Start of Block
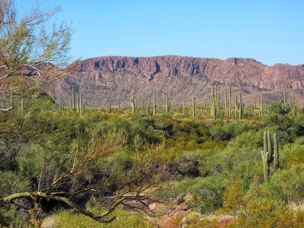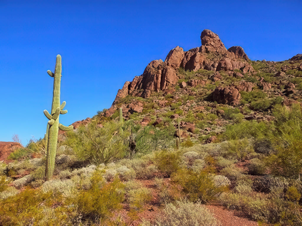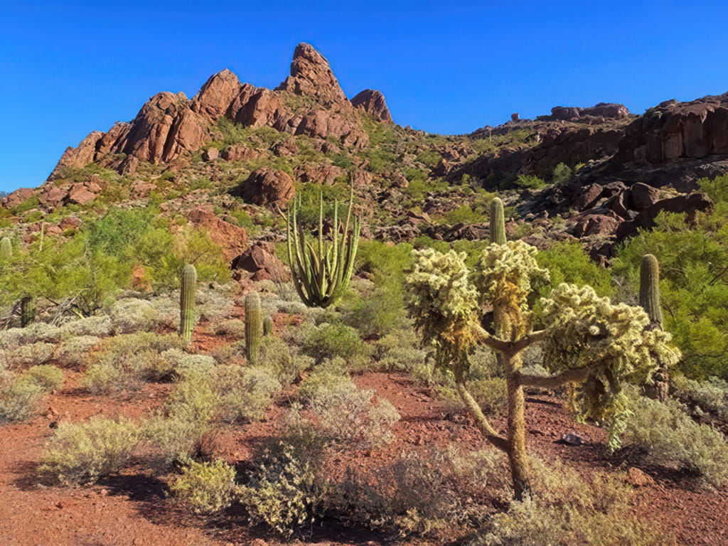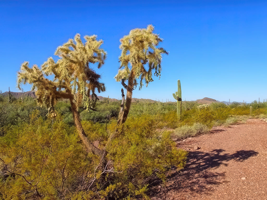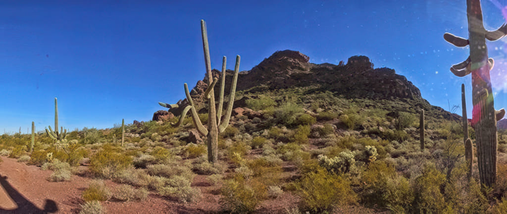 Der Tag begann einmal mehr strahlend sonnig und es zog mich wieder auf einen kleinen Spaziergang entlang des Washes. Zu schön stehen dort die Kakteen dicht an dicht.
End of Block
Start of Block
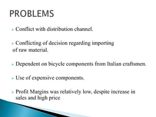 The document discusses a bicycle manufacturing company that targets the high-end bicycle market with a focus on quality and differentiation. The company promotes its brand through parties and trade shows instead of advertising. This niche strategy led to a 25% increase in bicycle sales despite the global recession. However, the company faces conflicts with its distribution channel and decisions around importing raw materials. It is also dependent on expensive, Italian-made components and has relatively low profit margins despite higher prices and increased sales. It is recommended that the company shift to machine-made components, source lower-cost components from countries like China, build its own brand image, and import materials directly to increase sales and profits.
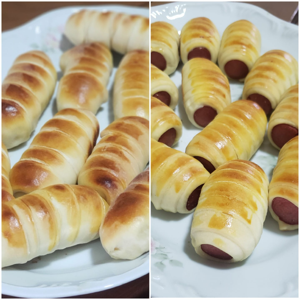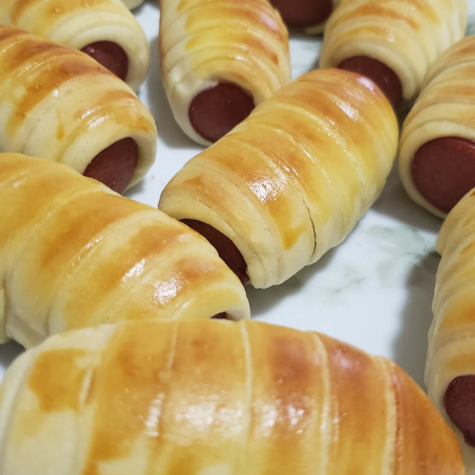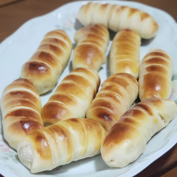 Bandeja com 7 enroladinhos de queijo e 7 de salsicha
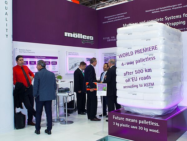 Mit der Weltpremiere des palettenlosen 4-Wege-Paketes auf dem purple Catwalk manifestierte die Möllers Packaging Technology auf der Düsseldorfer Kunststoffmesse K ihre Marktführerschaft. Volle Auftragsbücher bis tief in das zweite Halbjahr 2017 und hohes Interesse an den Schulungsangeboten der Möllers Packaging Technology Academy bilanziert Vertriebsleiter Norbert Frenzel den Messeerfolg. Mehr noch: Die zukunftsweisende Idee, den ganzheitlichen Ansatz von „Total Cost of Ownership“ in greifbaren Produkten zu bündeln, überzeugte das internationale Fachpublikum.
End of Block
Start of Block
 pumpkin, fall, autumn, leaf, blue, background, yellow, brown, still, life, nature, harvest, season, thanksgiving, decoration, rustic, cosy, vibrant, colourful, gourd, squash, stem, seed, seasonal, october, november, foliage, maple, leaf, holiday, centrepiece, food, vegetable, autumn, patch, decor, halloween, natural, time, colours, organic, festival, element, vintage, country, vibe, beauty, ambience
End of Block
About this task —
Find where the line with "The document discusses" sits in the material above and where the line with "Mit der Weltpremiere" sits. Set down exactly the lines from the first to the second, both included and nothing else, without pictures.

Task response —
 The document discusses a bicycle manufacturing company that targets the high-end bicycle market with a focus on quality and differentiation. The company promotes its brand through parties and trade shows instead of advertising. This niche strategy led to a 25% increase in bicycle sales despite the global recession. However, the company faces conflicts with its distribution channel and decisions around importing raw materials. It is also dependent on expensive, Italian-made components and has relatively low profit margins despite higher prices and increased sales. It is recommended that the company shift to machine-made components, source lower-cost components from countries like China, build its own brand image, and import materials directly to increase sales and profits.
 Bandeja com 7 enroladinhos de queijo e 7 de salsicha
 Mit der Weltpremiere des palettenlosen 4-Wege-Paketes auf dem purple Catwalk manifestierte die Möllers Packaging Technology auf der Düsseldorfer Kunststoffmesse K ihre Marktführerschaft. Volle Auftragsbücher bis tief in das zweite Halbjahr 2017 und hohes Interesse an den Schulungsangeboten der Möllers Packaging Technology Academy bilanziert Vertriebsleiter Norbert Frenzel den Messeerfolg. Mehr noch: Die zukunftsweisende Idee, den ganzheitlichen Ansatz von „Total Cost of Ownership“ in greifbaren Produkten zu bündeln, überzeugte das internationale Fachpublikum.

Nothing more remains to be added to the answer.